The National Institute on Drug Abuse (NIDA) confirmed this safety profile for kratom in its September 20, 2018 update to the DrugFacts publication as follows:
Can a person overdose on kratom?
In 2017, the Food and Drug Administration (FDA) began issuing a series of warnings about kratom and now identifies at least 44 deaths related to its use, with at least one case being investigated as possible use of pure kratom. Most kratom associated deaths appear to have resulted from adulterated products (other drugs mixed in with the kratom) or taking kratom along with other potent substances, including illicit drugs, opioids, benzodiazepines, alcohol, gabapentin, and over-the-counter medications, such as cough syrup. Also, there have been some reports of kratom packaged as dietary supplements or dietary ingredients that were laced with other compounds that caused deaths.

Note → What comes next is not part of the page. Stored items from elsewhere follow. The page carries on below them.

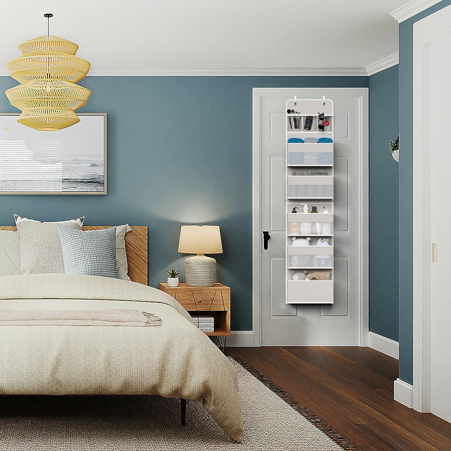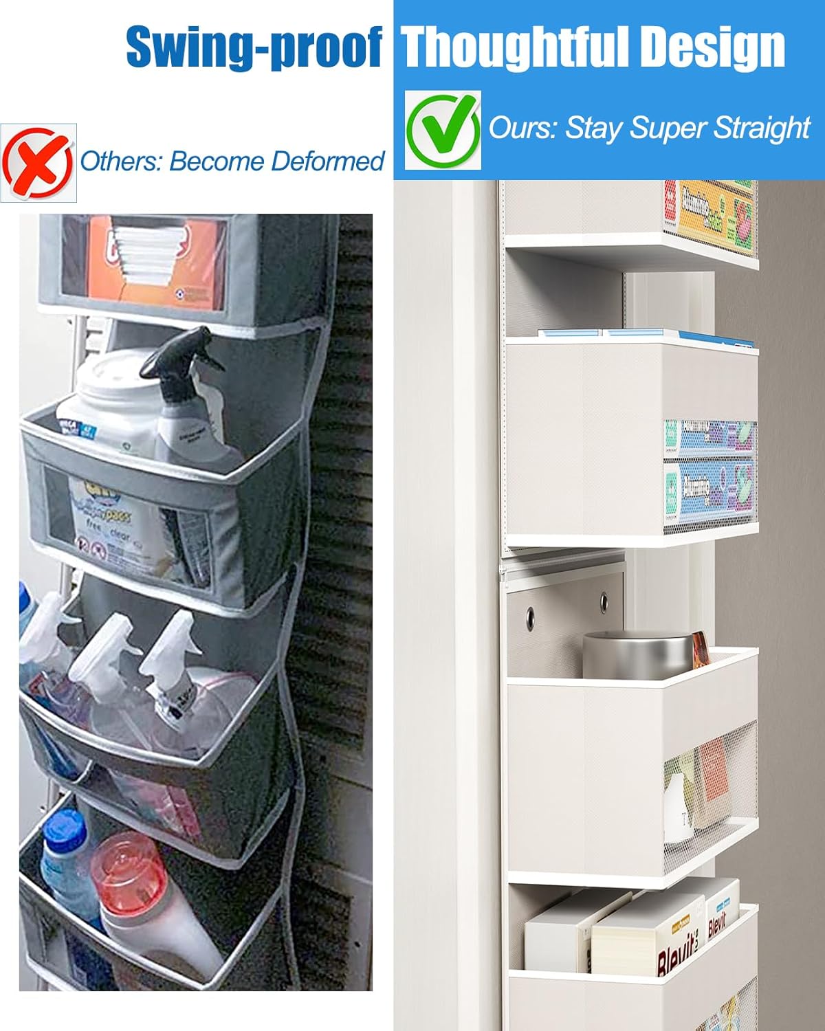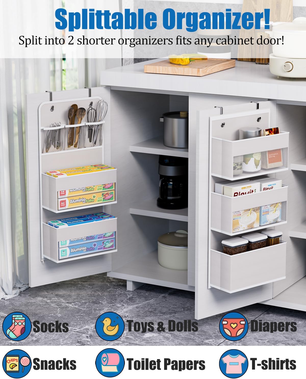 • - For All Space: You can install this over door organizer as a whole long organizer or split it into 2 short storage for bedroom, closet, baby room, bathroom, kitchen, etc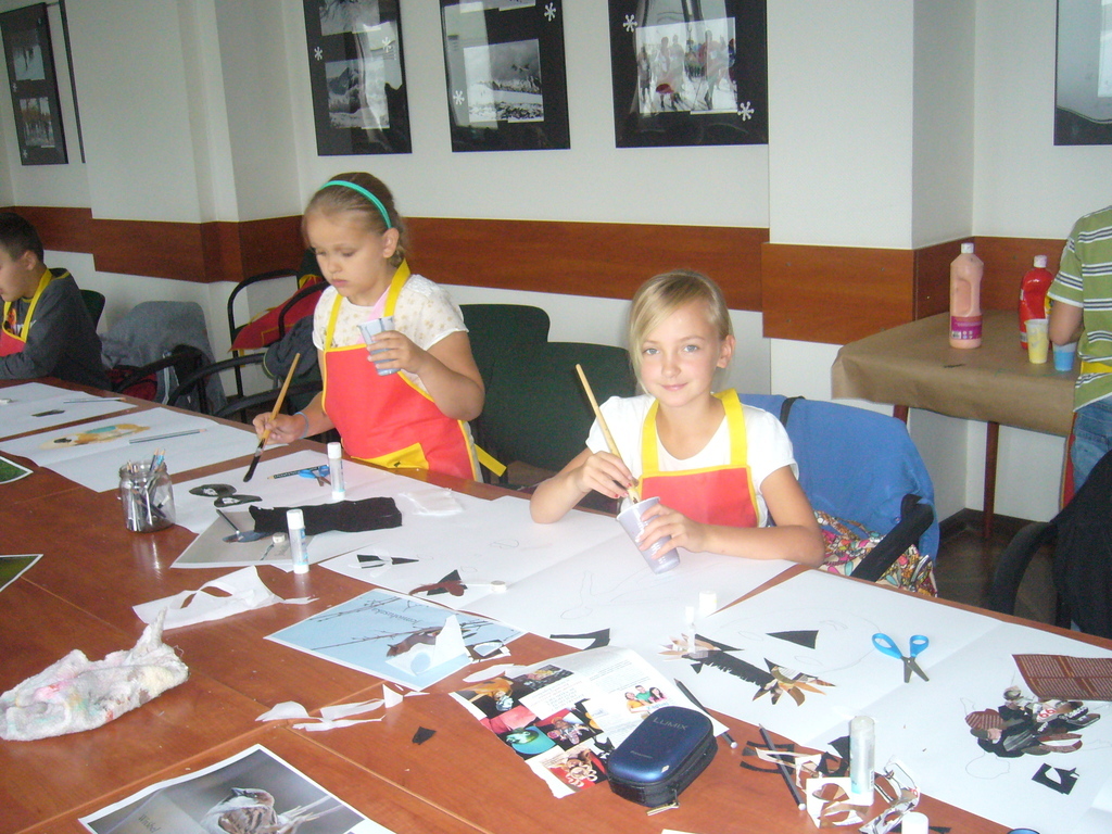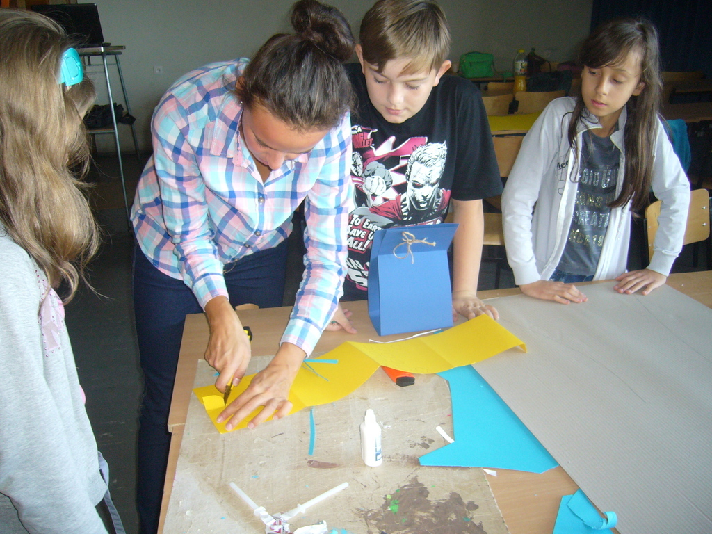 Uczestnicy warsztatów, świetnie radzili sobie z oporną materią jaką bywa papier. W rezultacie powstały gotowe do zaprezentowania publiczności papierowe ptaki z ponaklejanymi wycinankami i kolorowe pióra z bibułki. Swoje umiejętności młodzi artyści wykorzystają później do stworzenia scenografii spektaklu, który zwieńczy całość projektu.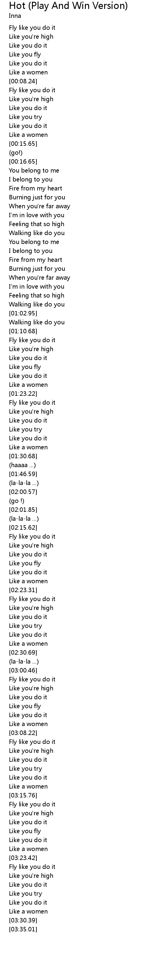 | [03:24.24] | Fly like you do it |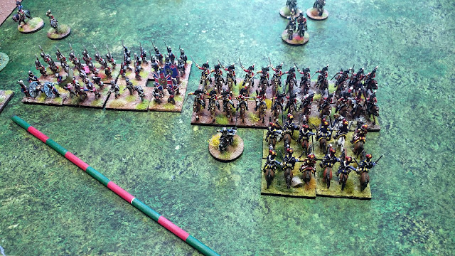 Game hinged on encounter on my left between my 2 small Dragoon Brigades and 2 Large French Dragon units.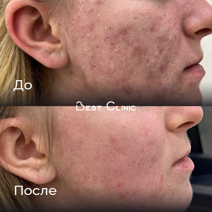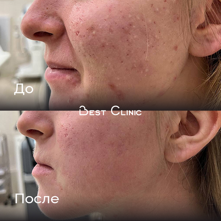 Пациентка обратилась с желанием вылечить кожу от акне. Выполнено лечение с применением системной терапии ретиноидами — состояние кожи улучшено, воспалительные элементы снижены.

The following documents can be downloaded individually or with the link to the right. Download All
Document 1: Patterns of Kratom use and health impact in the US – results from an online survey; Grundmann; Drug and Alcohol Dependence, 2017.
There are nearly 5 million kratom users in the United States, and surveys show that kratom is primarily used by a middle-aged (31 – 50 years), middle income ($35,000 and above) population for purposes of self-treating pain (68%) and emotional or mental conditions (66%). Consumers report that kratom had only mild negative effects.
Document 2: Abuse Liability and therapeutic potential of the Mitragyna speciosa (kratom) alkaloids mitragynine and 7-hydroxymitragynine, Addiction Biology; Hemby, McIntosh, Leon, Cutler & McCurdy, published on June 27, 2018.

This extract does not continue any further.